Accept device name (e.g., "iPhone 15", "Pixel 7") and configure full emulation
Support fuzzy matching on device name with suggestions on no match
Set viewport, user agent, device scale factor, touch, and mobile flag
Warn when context restart is required and confirm with user

Feature 6: Visual Diffing (Screenshot Comparison)

Tool: browser_visual_diff

What it does

Compare two screenshots pixel-by-pixel, return a diff image and similarity score.

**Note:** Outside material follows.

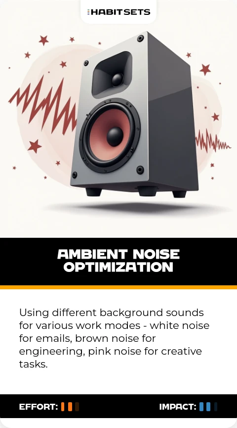 Using different background sounds for various work modes - white noise for emails, brown noise for engineering, pink noise for creative tasks.

Implementation requirements

Item	Details
New file	`tools/visual-diff.ts`
Comparison library	`pixelmatch` (lightweight, ~200 lines, MIT) or Playwright's built-in `expect(page).toHaveScreenshot()` comparison
Tool signature	`browser_visual_diff({ baseline?: string, current?: string, threshold?: number })` → `{ match: boolean, similarity: number, diffPixels: number, diffImagePath?: string }`
Baseline management	Save baselines to `.gsd/browser-baselines/`; auto-name by URL + viewport
Dependencies	`pixelmatch` + `pngjs` (new deps, ~50KB total) or use Playwright's built-in comparator
Estimated effort	10–14 hours
Risk	Medium — anti-aliasing and dynamic content (timestamps, ads) cause false positives; threshold tuning needed

Acceptance criteria

Compare current page screenshot against a stored baseline
Return similarity score (0–1) and diff pixel count
Generate diff image highlighting changed regions
Configurable threshold for pass/fail
Support element-scoped comparison (crop to selector)

Feature 7: PDF Generation

Tool: browser_save_pdf

What it does

Render current page as PDF artifact.

Implementation requirements

Item	Details
Extend	`tools/screenshot.ts` or new `tools/pdf.ts`
Playwright API	`page.pdf({ path, format, printBackground })` — Chromium only (already our engine)
Tool signature	`browser_save_pdf({ filename?: string, format?: string, printBackground?: boolean })` → `{ path, pageCount, sizeBytes }`
Output location	Session artifacts directory
Dependencies	None — Playwright core API
Estimated effort	3–5 hours
Risk	Low — straightforward Playwright wrapper

Acceptance criteria

Generate PDF from current page
Support A4/Letter/custom page formats
Include background graphics option
Write to session artifacts with configurable filename
Return file path and size

Feature 8: Region Zoom / Targeted High-Res Capture

Tool: browser_zoom_region

What it does

Capture and upscale a specific rectangular region for detailed inspection of dense UIs.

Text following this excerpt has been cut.